Previously the athletic department recognized the 1975-76 academic year as the first year of the modern history of women’s athletics at Nebraska. The only difference between the two years was an increased budget ($60,000 to $132,000) and the hiring of Aleen Swofford as assistant athletic director to directly oversee women’s athletics and Jay Davis, a sports information director, who helped keep official records of the results of every match.
Zespy said she is honored to be part of the illustrious history of Nebraska volleyball. Even though she’s lived more than half her life in Wyoming, she will always consider herself a Husker.
“History has to begin somewhere, and 1974 was the real beginning of what volleyball is today in Nebraska,” she said. “I’m very proud to say that I was a part of the team that got it started. It would mean the world to me to be noted as a part of the official history of the Nebraska volleyball program.”
Huskers Illustrated provided the NU Athletic Department in late January with the complete schedule and newspaper clippings from the 1974 season, along with other contemporary articles stating volleyball was supervised by then-Athletic Director Bob Devaney.
On March 22, the three seniors and Zespy received an email from Marquita Armstead, NU’s executive associate athletic director and senior woman administrator.
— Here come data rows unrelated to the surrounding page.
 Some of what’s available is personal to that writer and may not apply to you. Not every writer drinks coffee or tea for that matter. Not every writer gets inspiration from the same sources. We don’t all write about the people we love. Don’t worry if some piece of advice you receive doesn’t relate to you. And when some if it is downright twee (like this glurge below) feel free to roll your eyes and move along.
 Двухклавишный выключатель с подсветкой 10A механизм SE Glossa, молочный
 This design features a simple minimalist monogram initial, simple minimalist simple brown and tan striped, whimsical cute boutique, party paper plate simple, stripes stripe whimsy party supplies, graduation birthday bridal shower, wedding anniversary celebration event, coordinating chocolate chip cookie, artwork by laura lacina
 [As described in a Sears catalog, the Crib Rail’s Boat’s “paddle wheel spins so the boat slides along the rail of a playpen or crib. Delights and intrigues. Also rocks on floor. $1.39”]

She wrote that they would not be recognized as letter-winners since the athletic department does not plan to change its records retroactively despite the new information about the 1974 team.
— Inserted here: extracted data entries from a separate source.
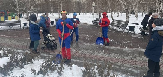 Супергерои из Marvel и DC чистили снег на улицах Алматы
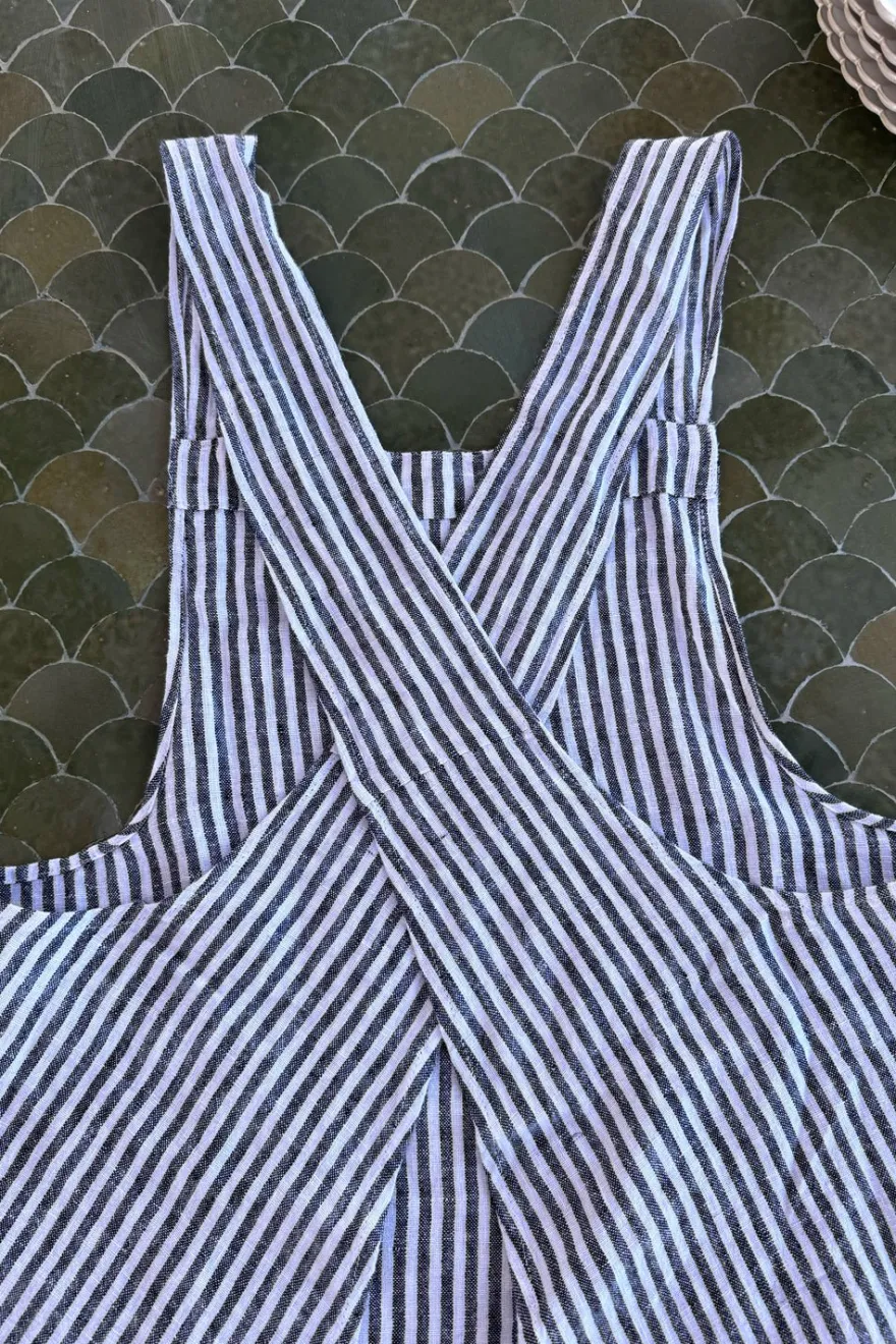 Delantal de lino hecho a mano con diseño de rayas en color negras, disponible en otros colores, perfecto para su uso diario.
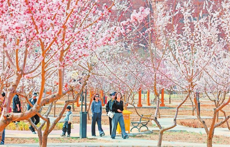 游客在“隴上杏花第一村”東鄉縣唐汪鎮河沿村賞花觀景。 新甘肅·甘肅日報記者 田蹊
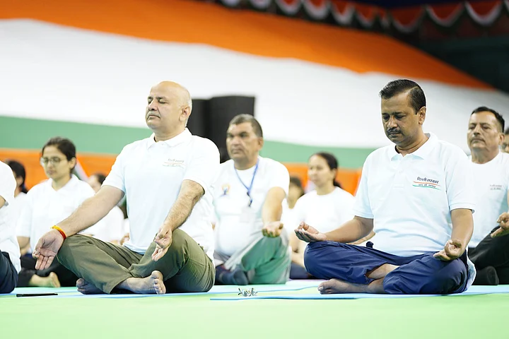 Delhi Chief Minister Arvind Kejriwal with deputy CM Manish Sisodia meditating on Yoga Day.
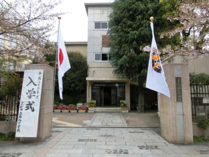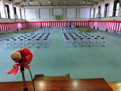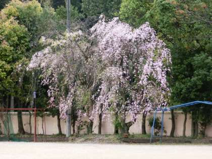 いよいよ入学式当日の朝を迎えました。曇り空ですが、温かくて風もなく、絶好の式日和です。校庭の紅しだれ桜も満開です。あと1時間後に登場する新入生を迎える準備はすべて整っています。今日の主役の登場を待っています!
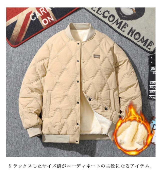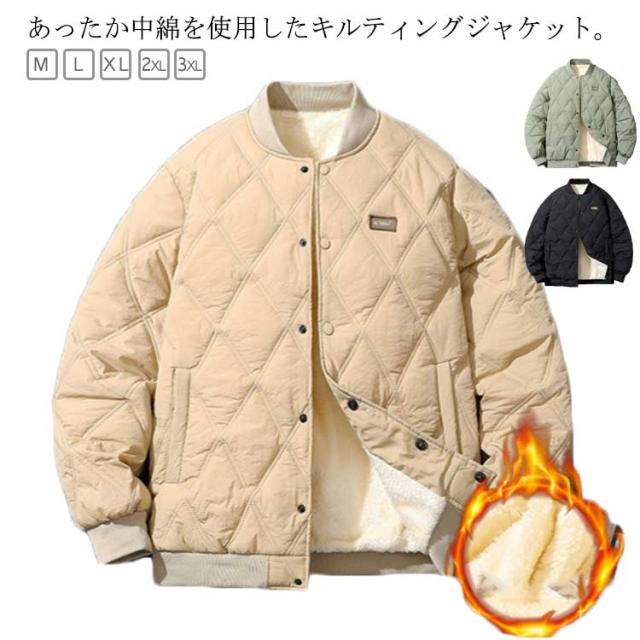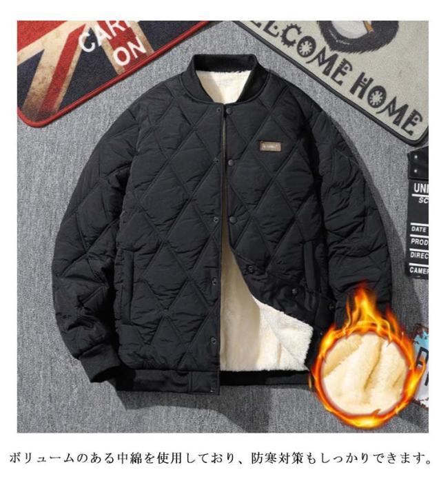 ブルゾン ショート丈 中綿ジャケット ゆったり ダウン風 スタジャン 裏起毛 スタジャン キルティングコート ジャケット 大きいサイズ メンズ 中綿コート 裏起毛んし 無地 スタジアムジャンパー 長袖 ジャンパー アウター 秋冬 防寒 防風

“After much internal discussion and consideration of the historical records of women’s athletics at the University of Nebraska, as well as the historical records of letter-winners at the University of Nebraska dating back to 1890, we remain firm in our stance of the 1975-76 academic year being the first year that letters were issued to student-athletes participating in women’s intercollegiate athletics at the University of Nebraska,” Armstead wrote.
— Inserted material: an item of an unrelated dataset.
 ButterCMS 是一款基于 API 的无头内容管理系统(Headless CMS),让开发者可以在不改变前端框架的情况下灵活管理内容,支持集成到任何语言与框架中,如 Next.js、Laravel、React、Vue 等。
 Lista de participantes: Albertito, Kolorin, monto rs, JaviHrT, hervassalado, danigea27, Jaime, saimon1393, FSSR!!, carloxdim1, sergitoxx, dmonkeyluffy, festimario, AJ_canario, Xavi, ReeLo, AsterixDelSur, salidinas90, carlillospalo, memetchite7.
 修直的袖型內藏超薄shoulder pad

Despite the lack of official recognition, Armstead said the athletic department wanted to honor their impact on the beginning of NU volleyball by offering the former student-athletes the benefits of the N Club, Nebraska Athletics’ letter-winner alumni group. They will be allowed into a club area for football games, admission into Olympic sporting events, the ability to purchase a letter-winners plaque and receive invites to other N Club events.
In addition, Nebraska will add a permanent display of the 1974 team photo with roster and results to the public glass display cases on the south concourse at the Devaney Center, which also houses Olympic jerseys from former players and memorabilia from the Huskers’ foreign trips.
The athletic department didn’t contact any of the seniors on the 1974 team before issuing the email. Armstead declined an interview request to explain the decision, and an NU spokesperson said “the athletic department and volleyball program do not wish to do any interviews on this subject moving forward.”
Members of the 1974 team followed up seeking the rationale for the decision to give them the benefits of a letter-winner, but without official recognition.
Armstead responded on April 11, writing the topic has been discussed several times internally over the years and that they would not be changing the current status of recognizing letter-winners for women’s athletics in 1975. She added that the late Barb Hibner, the long-time senior woman administrator who joined the athletic department in 1978, said the 1974 participants were not awarded letter awards.
The athletic department’s explanation left some members of the 1974 team perplexed by the decision, even with complete results, historical records showing the oversight of the athletic department of women’s sports and proof of awarding of scholarships.
Despite not receiving official recognition, Highstreet is ready for someone else to carry the torch, saying the fight has worn her out. For many years, she worked at the university and led the charge to include that first team in the annals. Highstreet talked to university and athletic department employees behind the scenes trying to gain recognition for the 1974 team.
“It’s a legacy thing for us,” she said. “We’re pretty proud of the fact that we were the first letter-winner class, but nowhere does it say that besides in our heads.”